Why You Sometimes Can’t Stop Eating Insights Mar 2007
Have you ever found yourself at the bottom of a bag of cookies, or finishing food, and realized you’ve eaten the whole thing? Sometimes you can’t remember eating it. Sometimes you remember going for the food, but with a detachment in your memory that makes it feel disconnected from your thoughts.
Sometimes you make up your mind not to eat something, and then go right ahead and eat it anyway. Even as you are eating, your mind is chastising you, berating you, and probably abusing you for what you are doing. Yet on you go, eating it anyway.
And then you feel miserable. You are painfully aware that you are somehow out of control. It doesn’t make any sense, but your body just doesn’t listen to your decisions. Not about food, that’s for sure.
I hope it will be a great relief to discover that this is perfectly reasonable, and that you can learn how to change it. To learn how to change this situation, you’ll have to learn about your limbic brain and why it will usurp control of your behavior.
The good news is that you aren’t crazy. A decision will not influence your limbic brain. Frankly, it has control of your body, so your decisions aren’t going to tell it what to do. In order to communicate with it, you’ll have to learn to talk to it through specific kinds of meditation and processes that it understands. I have written about many of those processes in this column, and you can find previous articles on my website.
I want to explain why your limbic brain usurps your behavior. I will also explain why it will allow you to diet successfully, but just for a while. Then, it will usurp you again so that you’ll stop losing weight even though you’re still dieting. Or, it will boot you ruthlessly off the diet wagon, triggering feelings of failure and despair. This is all part of the function of your subconscious – with understanding and tools, you can change it. You can actually feel in control of your life again. It’s a huge relief.
To understand your limbic brain, you must first understand that it functions with primitive programs that were designed to survive life in the cave. Those programs have not been updated. They do not seem rational to a modern mind.

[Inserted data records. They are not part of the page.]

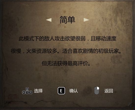 点击新游戏后会有简单、普通、噩梦三个难度选择:
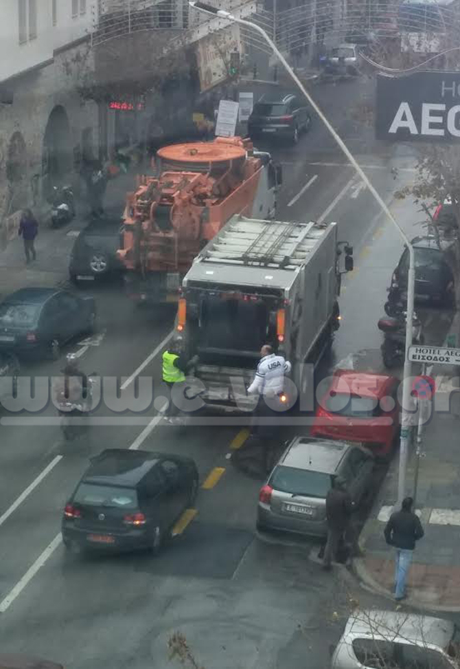 Ο νέος Δήμαρχος Βόλου Αχιλλέας Μπέος ανέβηκε στην πίσω πλευρά απορριμματοφόρου, το οποίο κινήθηκε στους κεντρικούς δρόμους της πόλης.
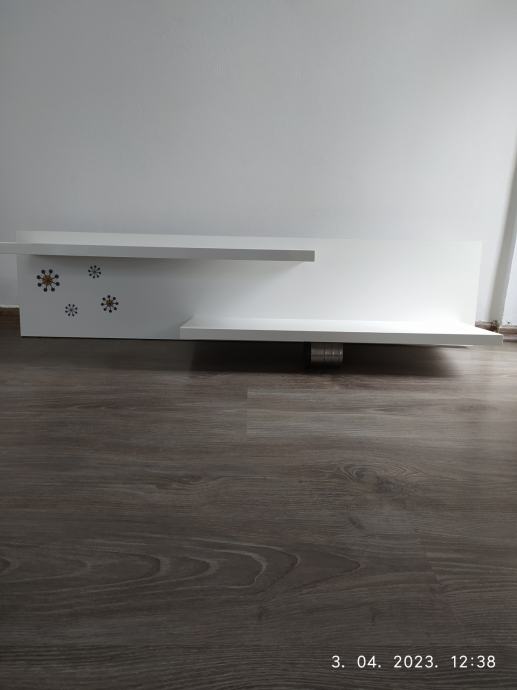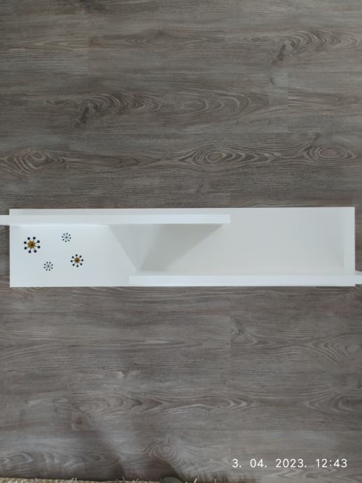 Bijela stalaža od 2 police, neoštećeno, montira se na dva tipla nevidljivo.
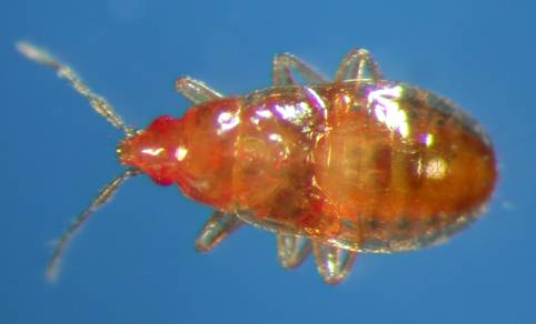 c. 若蟲:體長約2mm,身體扁平,觸角、足呈透明狀,身體其他部位則呈鮮亮的橘紅色。
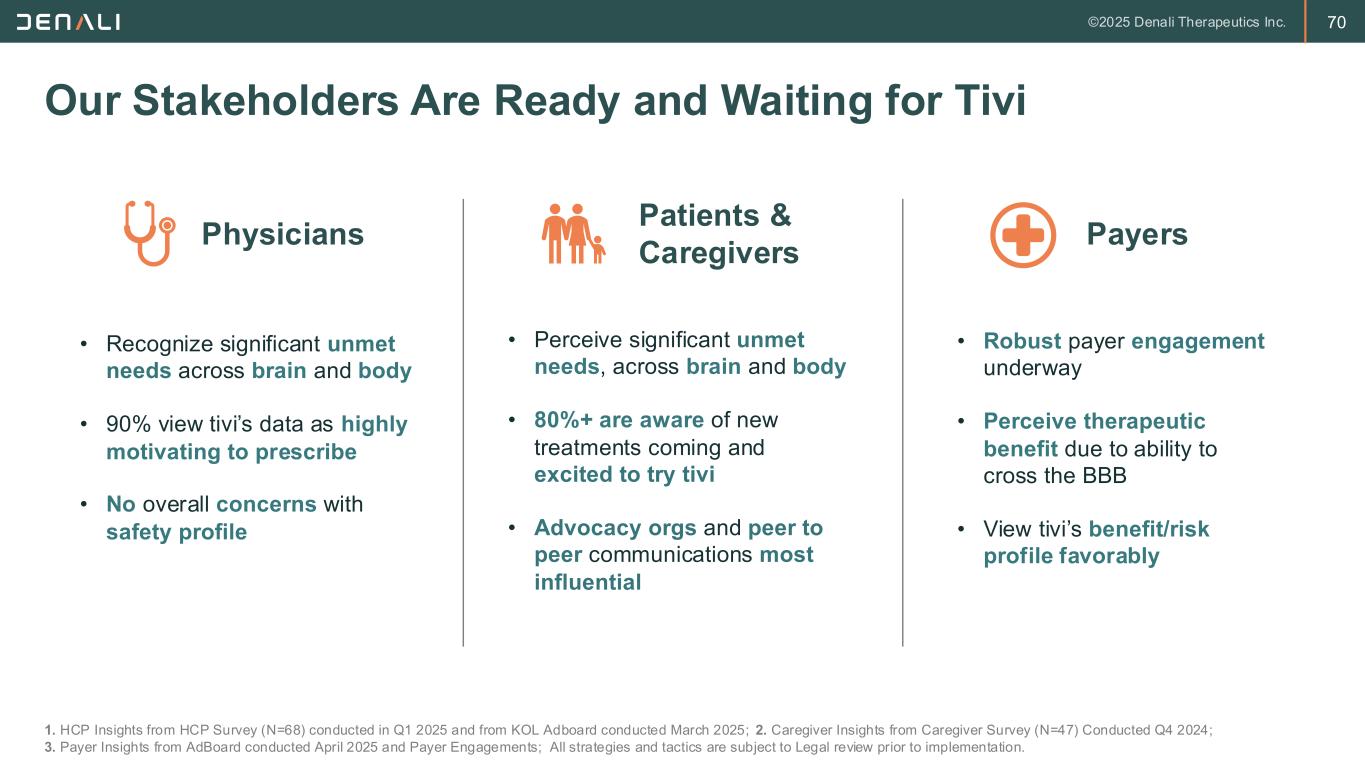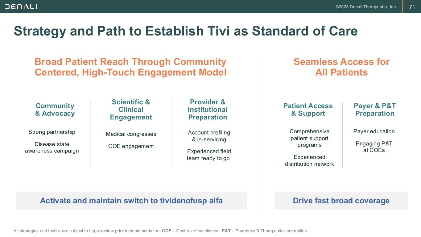 70 Our Stakeholders Are Ready and Waiting for Tivi 1. HCP Insights from HCP Survey (N=68) conducted in Q1 2025 and from KOL Adboard conducted March 2025; 2. Caregiver Insights from Caregiver Survey (N=47) Conducted Q4 2024; 3. Payer Insights from AdBoard conducted April 2025 and Payer Engagements; All strategies and tactics are subject to Legal review prior to implementation. Patients & Caregivers Payers • Recognize significant unmet needs across brain and body • 90% view tivi’s data as highly motivating to prescribe • No overall concerns with safety profile • Perceive significant unmet needs, across brain and body • 80%+ are aware of new treatments coming and excited to try tivi • Advocacy orgs and peer to peer communications most influential • Robust payer engagement underway • Perceive therapeutic benefit due to ability to cross the BBB • View tivi’s benefit/risk profile favorably Physicians
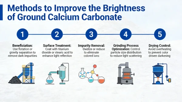 The brightness (whiteness) of ground calcium carbonate is a core quality index for its application in coatings, plastics, papermaking, rubber and other industries. It is mainly determined by the raw material properties of calcite ore and affected by processing technology, impurity removal, and production environment control. The improvement of GCC brightness is a systematic process, starting from raw material selection and covering the whole production chain of crushing, grinding, purification, and post-treatment. Below is a detailed, industrial-feasible technical scheme, divided into core steps and auxiliary optimization measures:
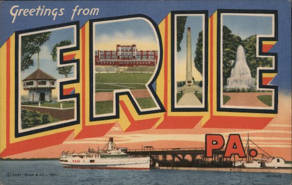 Front: Greetings from â’¸CURT TEICH & CO., INC. TTTTT ERIE: DET *** PA. 6C H118 Back: SPANGENTHAL'S WHOLESALE VIEW CARDS' SPECIALISTS, ERIE, PA. GENUINE CURTEICH-CHICAGO "C.T. ART-COLORTONE" POST CARD (REG. U.S. PAT. OFF.) PLACE
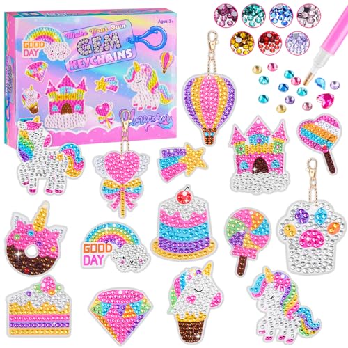 HGRGHH Hantverk flicka 6 7 8 9 10 år, 5D diamantmålning nyckelring, pyssla din egen GEM-nyckelring, pysselset barn från 6 år, enhörning flicka presenter 6–12 år
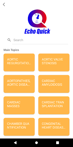 The EchoQuick app is an educational app for people in the medical field, such as cardiologists, physicians in training, ultrasound technicians, and medical students. It is approved by the American Epilepsy Society and does not involve any human subjects research. The app has interactive features that allow users to easily access important topics, search for specific topics, and save them for future reference. It is a free tool for learning and quick review, and can also be used for echo board exam final review. It covers all topics related to echo cardiography, focusing on common questions, quantification, and the most recent guidelines for valvular disease assessment and Doppler Basics.
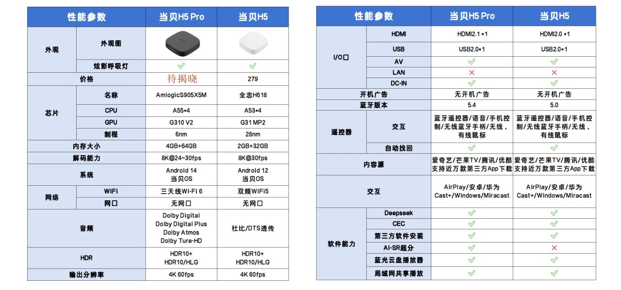 看下当贝H5PRO和当贝H5的各项参数对比,之前当贝H5给我的体验就很棒了,而当贝H5PRO它以极具诚意的升级和依然亲民的价格(约300+元),再次定义了“老电视救星”的天花板。如果你对H5满意,H5Pro的升级绝对超值;如果你想彻底释放家中老电视的潜力,H5Pro就是目前最优解!

Here’s an example of the type of program you’re dealing with: eat whenever you can, because food supplies are uncertain. If you have any doubt how powerful such a subconscious program can be, I have one word for you: buffet. How many people eat more than they want or need at a buffet? They probably eat more than they planned to eat, too, because their limbic system is gleefully stocking up for the next time the hunters come back without a buffalo.
Here’s another example of the type of program that copes with cave life: the amount of food you eat determines your status and value in the tribe. To understand this, consider a pride of lions. Female lions go off to hunt. When they return with food, the male lions eat first. That’s because the male lions are the protectors of the pride. The fact is, if the pride is not safe, nothing else counts. Not even bringing home dinner. So, the female hunters eat after the male protectors, and then everybody else gets whatever may be left over.

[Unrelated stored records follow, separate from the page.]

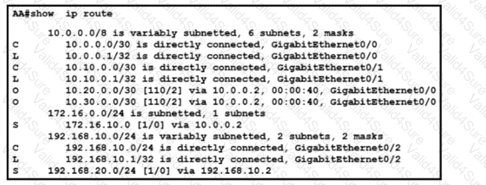 Refer to the exhibit. What is the administrative distance for the advertised prefix that includes the host IP address 192.168.20.1?
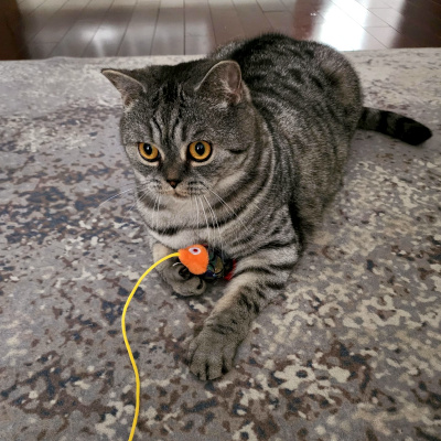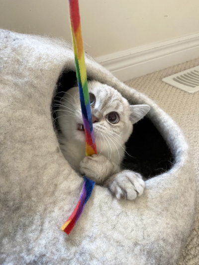 He loves playing with his wand toys, namely anything with feathers .
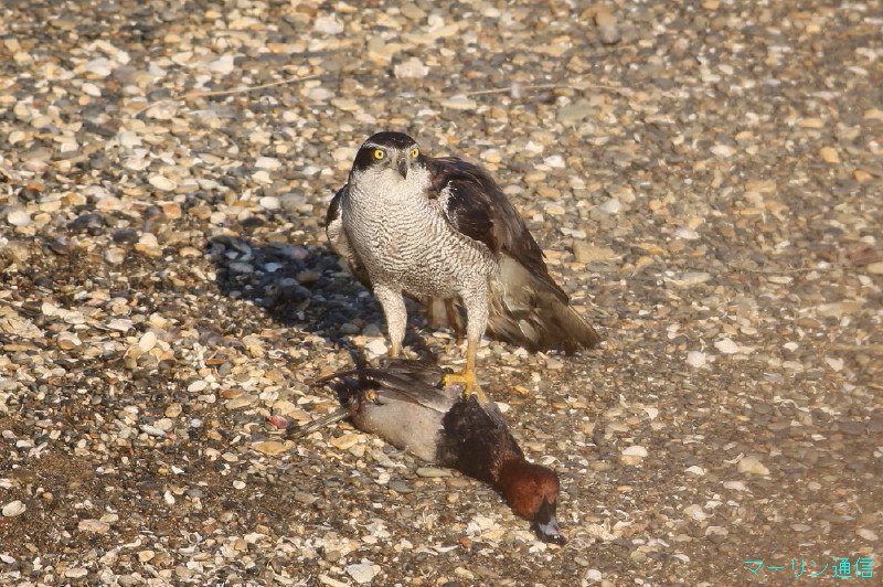 1時間ほど、食べるところや休養しているところに付き合っていましたが、8時17分、東方へ飛び去りました。現場へ行ってみると、カモは翼鏡が青色をしており、その先端が白い帯になっていましたので、マガモの雌と判断しました。半分以上食べられていました。オオタカが飛び去った後には、すぐにハシブトガラスが集合して、次々と引っぱり合いをしながらお掃除をしてくれました。
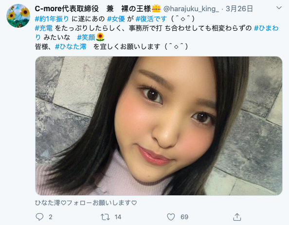 C-More社長的twitter寫得很清楚,ひなた澪(日向澪)充飽電了,也就是說休了一年半後她滿血回歸了;而從這位女優回歸後沒更換事務所的狀況來看她之前應該是和大家合作愉快的,現在要做的就是一面把人氣找回來一面請片商多多指教賜予工作機會〜

When I was a child, my mother always chose the largest serving for my dad – that was probably true in your house too. That means that when you diet, your limbic brain will feel threatened because it interprets smaller servings as a degradation of your value. No wonder it feels so miserable to be on a diet. After a while, your limbic brain just won’t take it anymore, and boots you off the diet wagon so it can feel secure.
Isn’t it amazing how such a primitive program can be operating, below our awareness, in modern times? That would be the problem – many of these programs do not suit our lives.
Why are you able to diet successfully for periods of time? No one decides to go on a diet because they’re bored. Either you’re feeling particularly frustrated with your current state, or you’ve got a goal such as a particular outfit or event driving you. The stress that drives you to go on a diet is what creates the acceptance of your limbic system. However, the moment the stresses of the primitive programs are bigger than the stresses that caused you to diet, the diet stops working or it breaks. Then, not only will you regain the weight, you may gain more as compensation for what you’ve lost, in case it’s a long time before the hungers get another buffalo.
Take a moment to realize that this is not your fault. No matter what decisions you make about food, you cannot enforce them continually unless you learn to master your subconscious. Can you forgive yourself for not being able to control something that was never in your control? If you can think about that, you can consider helping yourself learn to master your subconscious and take back your sense of self. You might start to actually believe you deserve it.